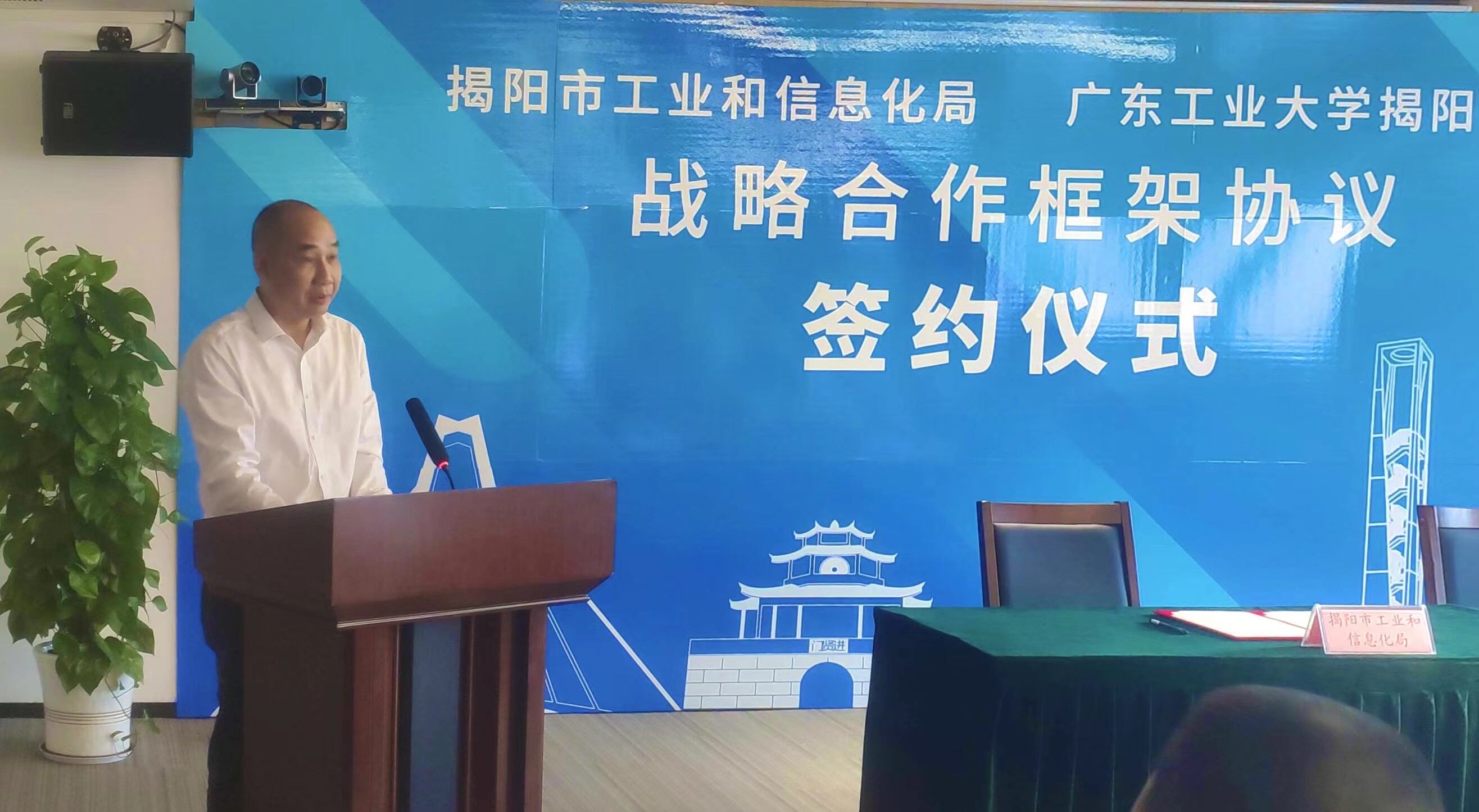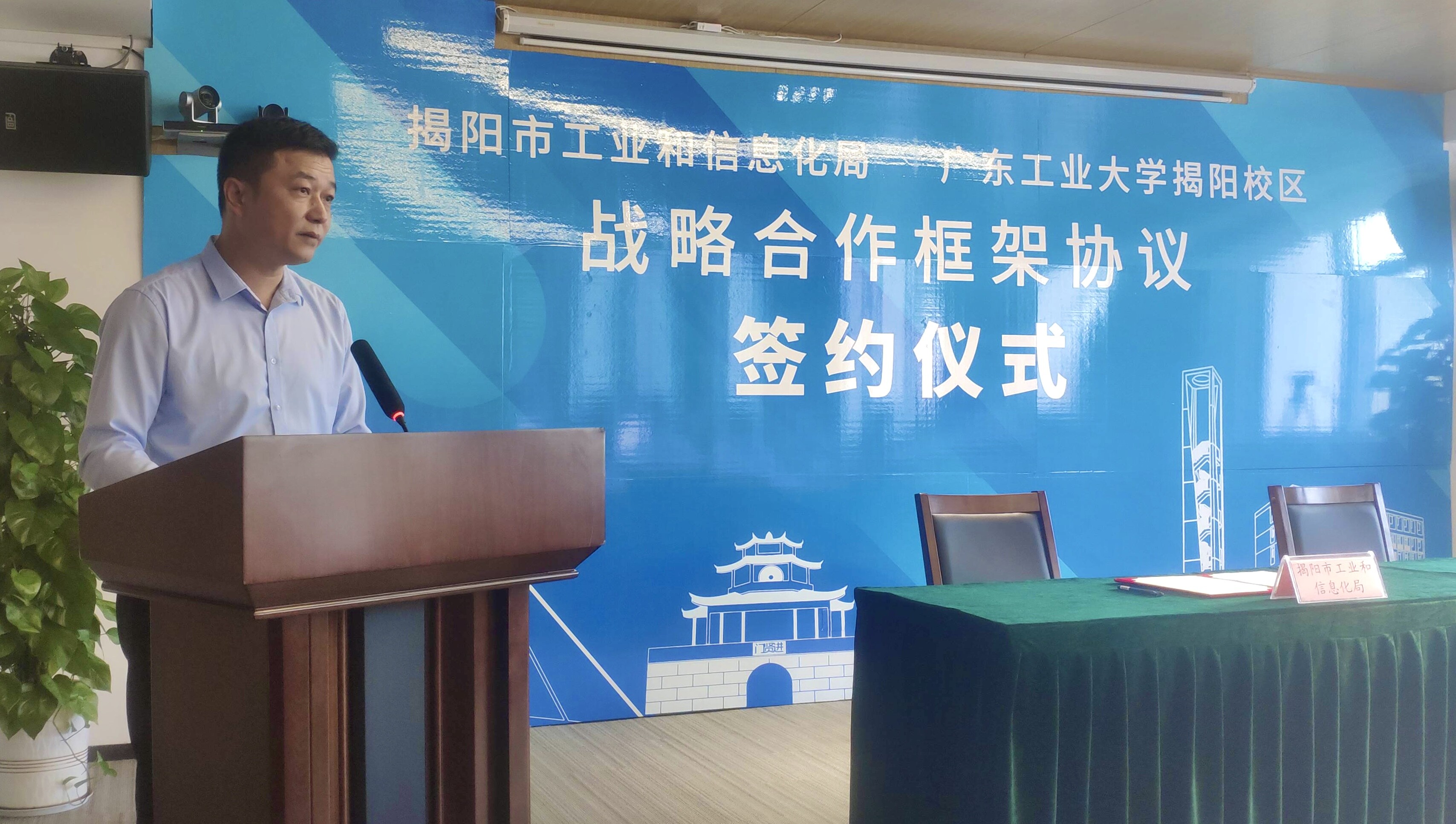 市工业和信息化局副局长谢鹏飞 广东工业大学揭阳校区管委会副主任,综合办主任方喆代表双方进行签约
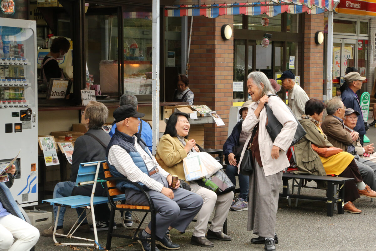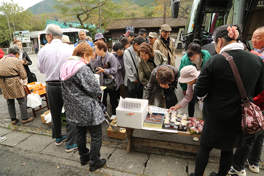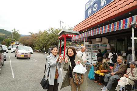 駅前ではご当地野菜販売があったのでサツマイモを試食。大和会の皆さんもいっぱいお土産にご購入。
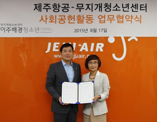 17일 제주항공 대회의실에서 최규남 제주항공 사장(왼쪽)과 강선혜 무지개청소년지원센터 소장이 이주배경청소년 진로지원을 위한 업무협약을 체결한 후 기념촬영을 하고 있다. / 제주항공 제공
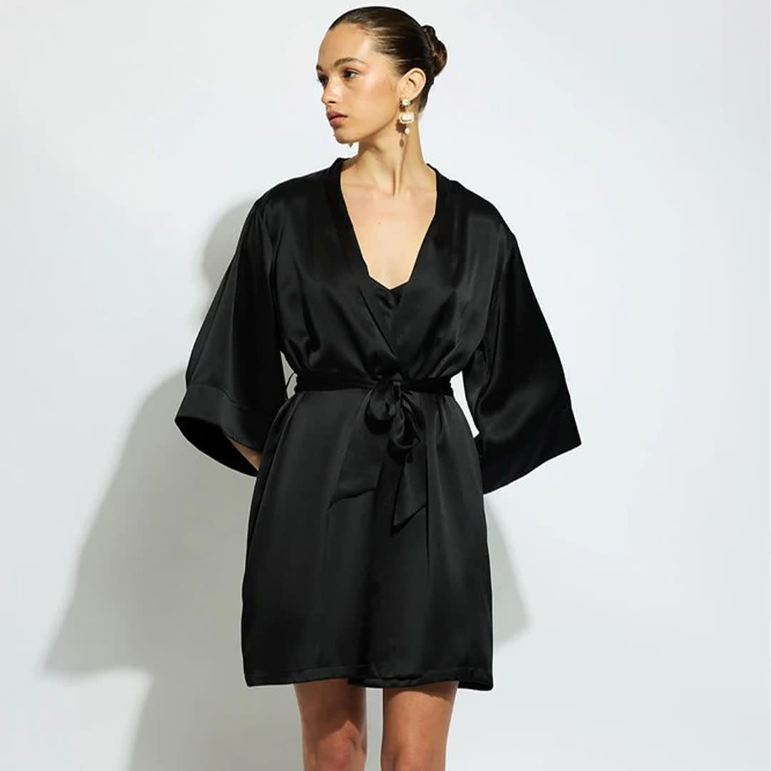 Echoing the timeless elegance of the GINIA woman, the Silk Wrap Robe offers a modern take on the classic dressing gown. This mini-length Silk Wrap Gown is crafted from 100% silk, draping beautifully to create a flattering silhouette. It features an inner ribbon for secure fastening and a wide silk sash for a refined finish. Part of the Silk Basics collection, it’s one of GINIA’s everyday essentials — thoughtfully designed pieces that stand beautifully on their own or pair effortlessly together.

——————

> **TO DO**
Repeat the lines above, starting at the first and stopping after the line that holds "17일 제주항공 대회의실에서", with the pictures left out.

> **SOLUTION FOR THIS EXERCISE**
 市工业和信息化局副局长谢鹏飞 广东工业大学揭阳校区管委会副主任,综合办主任方喆代表双方进行签约
 駅前ではご当地野菜販売があったのでサツマイモを試食。大和会の皆さんもいっぱいお土産にご購入。
 17일 제주항공 대회의실에서 최규남 제주항공 사장(왼쪽)과 강선혜 무지개청소년지원센터 소장이 이주배경청소년 진로지원을 위한 업무협약을 체결한 후 기념촬영을 하고 있다. / 제주항공 제공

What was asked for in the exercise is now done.